Undo the screws and remove the Pack and you will see 2 Carbon graphite Brushes.
Measure the free length of the brushes themselves and not the metal casing they
protrude from
Minimum brush length is 5mm so if you have more than that (10 or 15mm) clear
of their metal holders then something else is to blame.
Try starting the engine and using a voltmeter (multimeter) set at 20volts DC
touch the probes of the meter on the battery connections and you should
get 12 to 13 volts but sometimes nearer to 14 volts.

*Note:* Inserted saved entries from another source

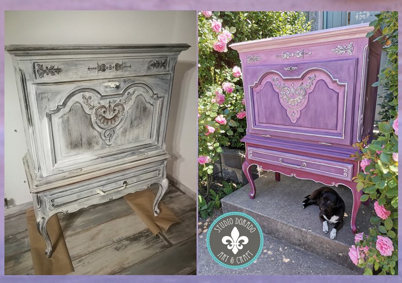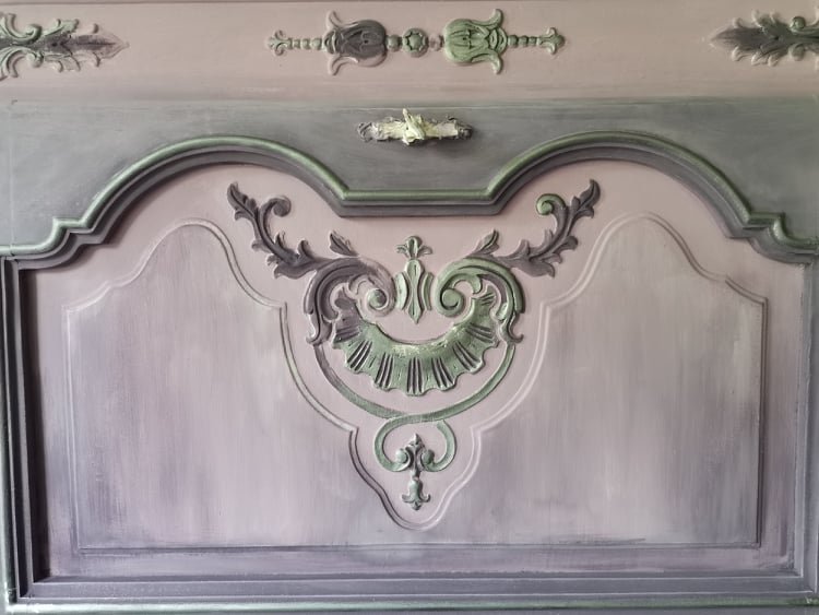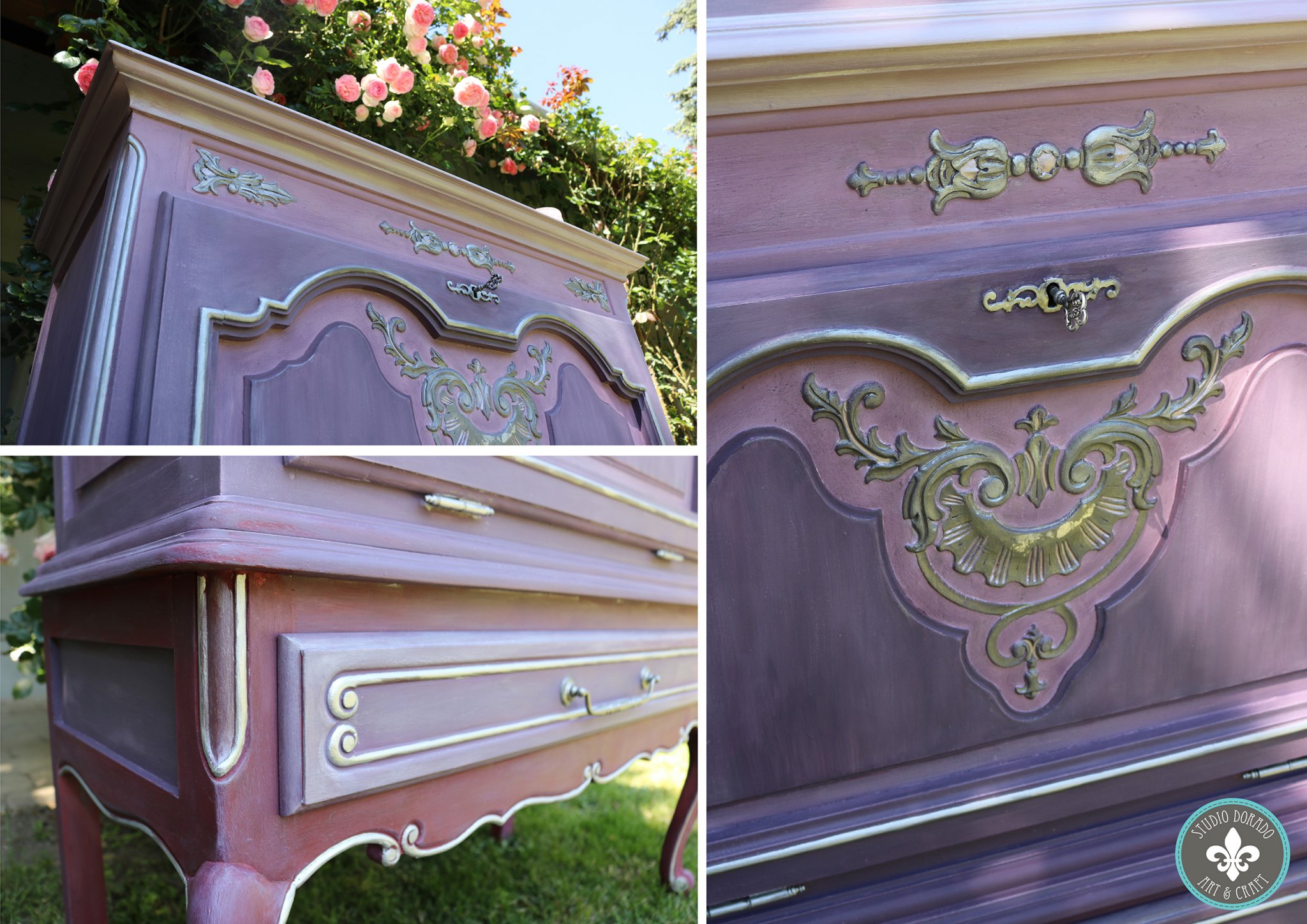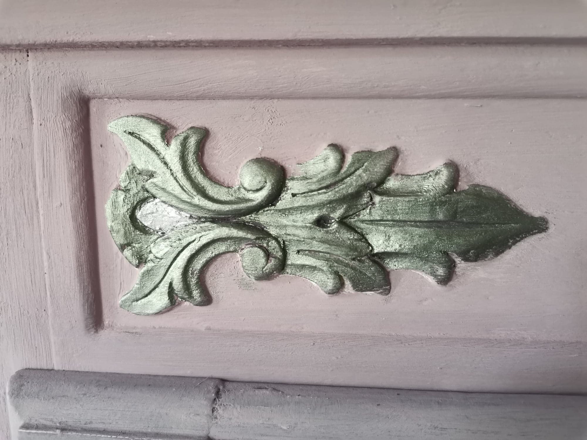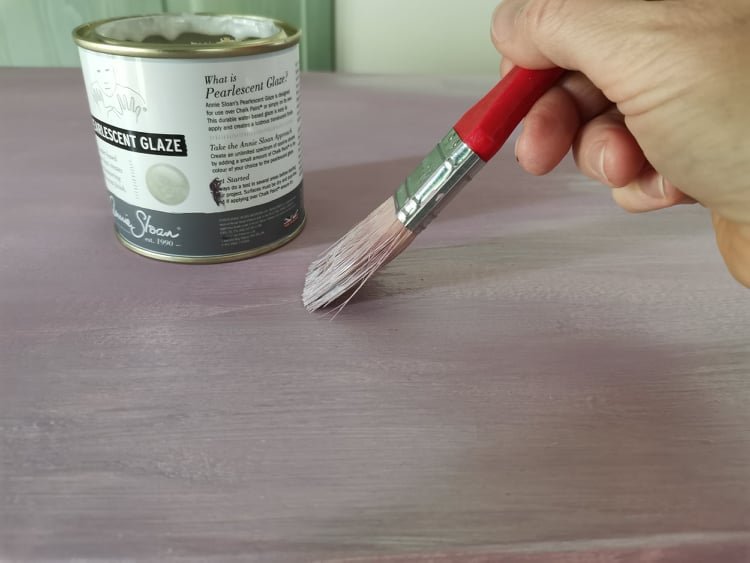 A bútor felső részét a festék teljes száradása után 180-as csiszolópapírral óvatosan megcsiszoltam, portalanítottam, majd Pearlescent Glaze -Gyöngyházfény lakkkal kentem le 2 rétegben.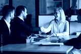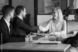 Business parts conclude partnership, finalizing formal meeting negotiations in boardroom with handshake gesture of trust, mutual respect and agreement. Mature and young shareholders greet each other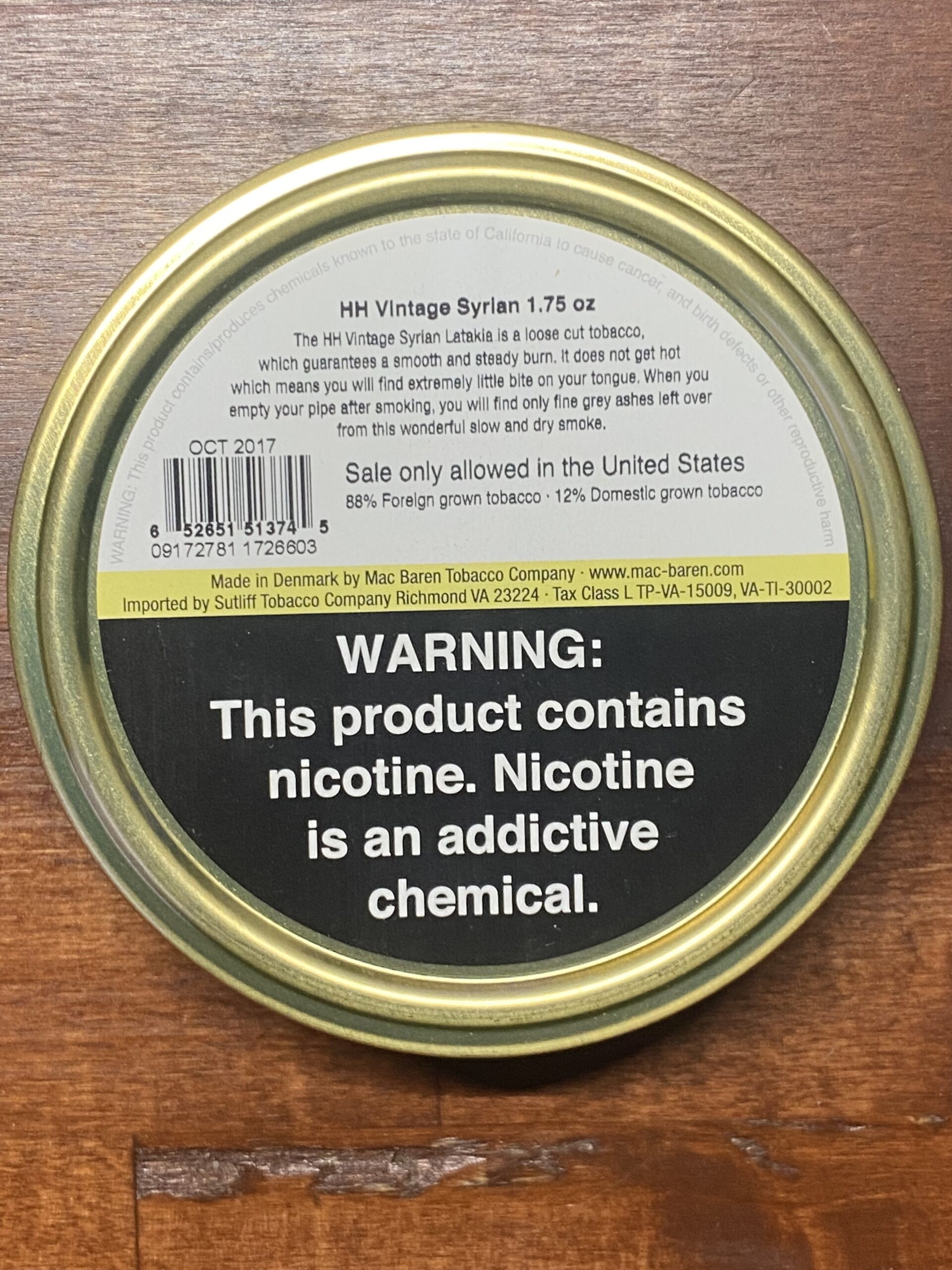 Notes: Introduced in 2006 as HH Vintage Syrian Latakia. Discontinued in 2017 when the stock of Syrian latakia ran out.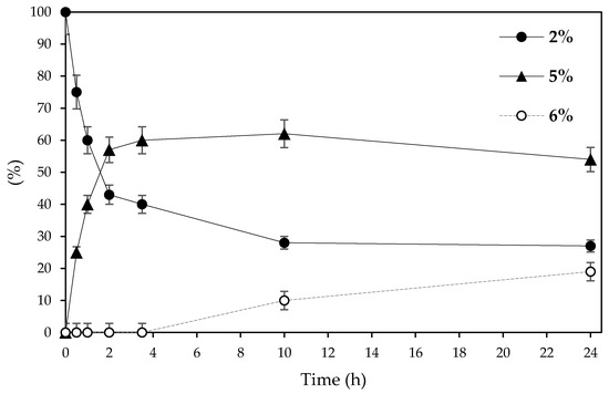 In particular, a multiplet centered at 5.09 ppm suggested the presence of 3-hydroxybutyrate oligomers [28]. The results of the ESI-MS analysis (Supplementary Materials Figure S4) of the reaction mixture confirmed the presence of a higher homolog of 5 where the ascorbyl moiety is esterified with a dimer of 4 (compound 6, Figure 1). The effect of the substrates’ molar ratio on the conversion, yield, and selectivity was studied by performing the reaction in the presence of 1, 2, or 3 equivalents of 4. The composition of the crude reaction mixture was monitored by 1H NMR by comparing the integrals of the signals attributable to the H-4 proton of the species 6 (4.65 ppm), 5 (4.67 ppm), and 2 (4.68 ppm). Figure 1 shows the composition of the reaction mixtures corresponding to the higher yields reached by the three reactions (Supplementary Materials Figure S5). It can be observed that using 2 equivalents of 4 (condition B, Figure 1), the maximum yield of 60% was reached (after 3.5 h) without the formation of the byproduct 6 (Supplementary Materials Figure S5). On the other hand, the best yields reached by the reactions performed with 1 and 3 equivalents of 4 (conditions A and C, Figure 1) were 50% and 60%, respectively (obtained after about 4 and 3 h); however, in these cases, the mixtures contained 11% and 22% of the byproduct 6, respectively (Supplementary Materials Figure S5). Figure 2 shows the time course of the reaction performed with 2 equivalents of 4. As can be observed, the byproduct 6 started yielding after about 4 h and its concentration linearly increased at longer reaction times, making crucial the monitoring of the reaction course (Supplementary Materials Figure S6). In the attempt to reduce the formation of 6, the reaction was also performed at the lower temperature of 50 °C but, in this case, only a kinetic delay was observed with an equivalent slowing down of both the rates of formation of 5 and 6 (data not shown).

Get someone to raise the engine speed slightly above tickover and have them
switch on the heated rear window + the heater and lights.
The meter should still read 12 to 13 volts.
If it doesn`t then you have either worn brushes, weak brush springs, a faulty
voltage regulator or diode or at worse, the winding of the main shaft has rotted
causing a phase shift in wich case it`s fooked.
This can also be that where the brushes rub on the spinning shaft, it may be
badly worn to the point of shorting the windings.
You can buy/order the Brush pack through any auto electricians.
The Part number is on the brush pack itself.
Hope this Helps.
Regards, Fred.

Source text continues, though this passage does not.